The new Gulf Oil liveried car is being designed from the ground up with an Aston Martin open cockpit monocoque chassis and a new purpose-designed race engine. 

Under the new Automobile Club De L’Ouest (ACO) technical regulations for 2011, Aston Martin now believes it has the opportunity to compete for top honours at the 24 Hour race against tough competition including the diesel-engined competitors. As with all Aston Martins, the new LMP1 will be petrol-powered and designed to make the best use of the ACO’s stringent regulations.

Aston Martin Chairman, David Richards said: “Having won the GT category twice at Le Mans in 2007 and 2008 and the Le Mans Series outright in 2009, we still want to achieve our ultimate goal of winning the 24 Hour race overall to bring the title back to Britain.

“In recent years, it has been impossible for petrol cars to compete on equal terms with the diesels. However, we now have assurances from the ACO that, with the adoption of the 2011 regulations, they will properly balance the performance of these new cars. Under these circumstances we have been prepared to develop Aston Martin’s first purpose-built racing chassis and engine for more than 50 years. 

“Even with this new car, it will still be a ‘David and Goliath’ fight against the massive resources of our competitors, but we have become accustomed to this and relish the challenge.”

Work on the new chassis and engine has been progressing for several months at Aston Martin Racing’s headquarters in Banbury, UK and the first of a limited number of six cars will run in early 2011. 

Dr. Ulrich Bez, CEO of Aston Martin said: “Racing is a fundamental part of Aston Martin’s heritage and Le Mans is the race that every true sports car maker aspires to win.

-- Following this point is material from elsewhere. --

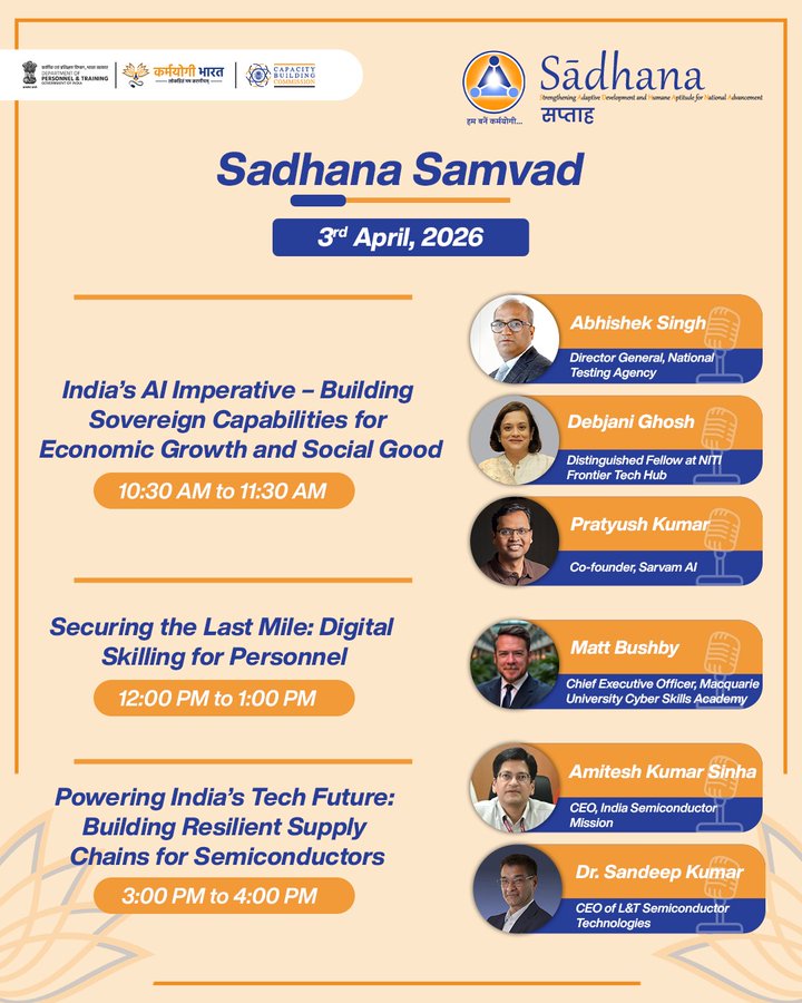 Thu, 2 Apr 2026Key Highlights of 3rd April Technology Day Webinars: Expert Sessions on AI, Cybersecurity, and Semiconductors under Karmayogi Sādhana Saptah

While every aspect of this new LMP1 car has been built purely for racing, we also remain committed to developing race-winning GT cars based on our road cars. We are the only manufacturer to offer a race car for every category from GT1 to GT4.” 

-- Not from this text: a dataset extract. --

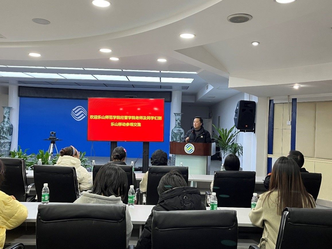 本网讯(文/陈果 图/吴双)12月15日,在经济管理学院辅导员王东健老师的带领下, 22级市场营销班的全体同学前往中国移动在线服务有限公司四川分公司和中国移动通信集团四川有限公司乐山分公司参观。这次参观旨在让同学们更深入地了解企业的运营机制和理念,开阔视野,为未来的就业打好基础。

Aston Martin’s first and only outright victory at Le Mans was in 1959 with the DBR1 of Roy Salvadori and Carroll Shelby. Aston Martin Racing has been at the pinnacle of endurance racing since it was founded in 2004 with multiple factory and customer wins across the globe including two GT1 class victories at Le Mans in 2007 and 2008, and an overall Le Mans series win in 2009.


----------